TASK REQUIREMENTS >>
An exact copy is all that is wanted: the lines from the one with "Nancy Glitter Shirt" through the end of the listing below, both included, minus any pictures.

STORED DATA >>
========================

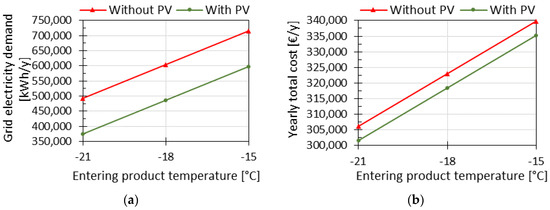 Sensitivity analysis on product temperature: (a) electricity withdrawal from the grid and (b) yearly total cost.
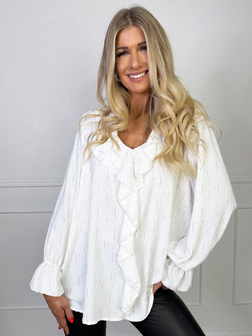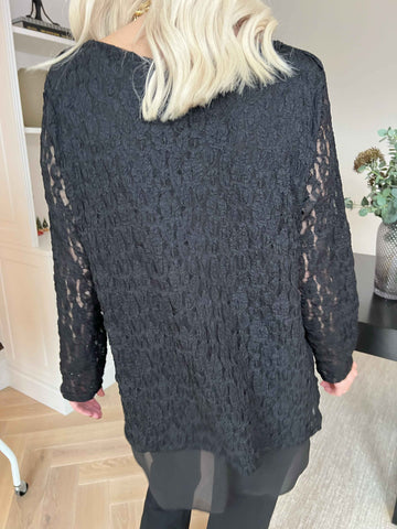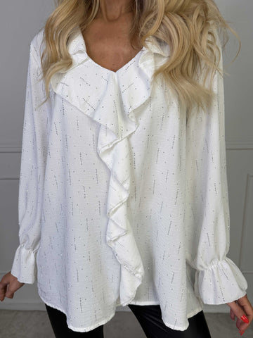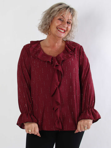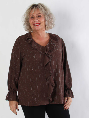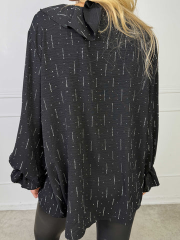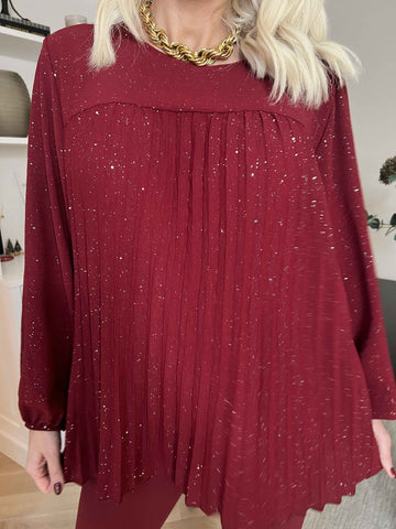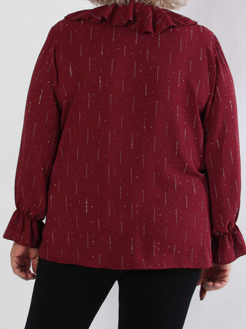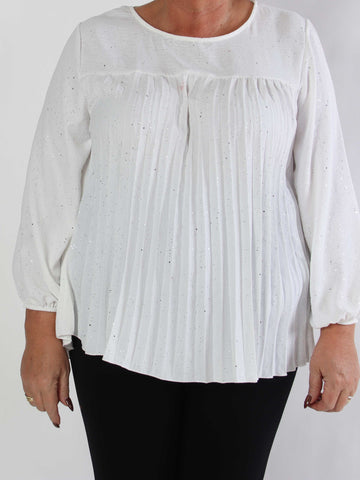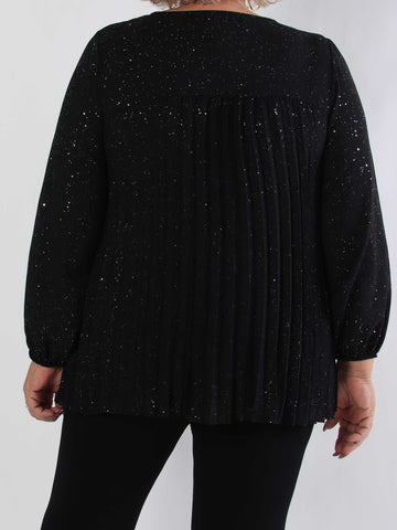 Nancy Glitter Shirt L/S - Plisseret plus size bluse med glitter
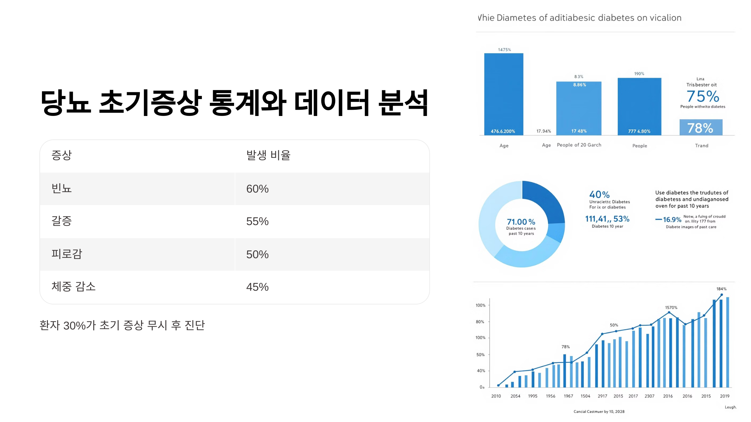 이러한 통계는 당뇨 초기증상을 조기에 발견하고 관리하는 것이 얼마나 중요한지를 보여줍니다. 증상이 나타나면 즉시 전문가의 상담을 받아야 합니다.

========================

RESULT OF THE EXERCISE >>
 Nancy Glitter Shirt L/S - Plisseret plus size bluse med glitter
 이러한 통계는 당뇨 초기증상을 조기에 발견하고 관리하는 것이 얼마나 중요한지를 보여줍니다. 증상이 나타나면 즉시 전문가의 상담을 받아야 합니다.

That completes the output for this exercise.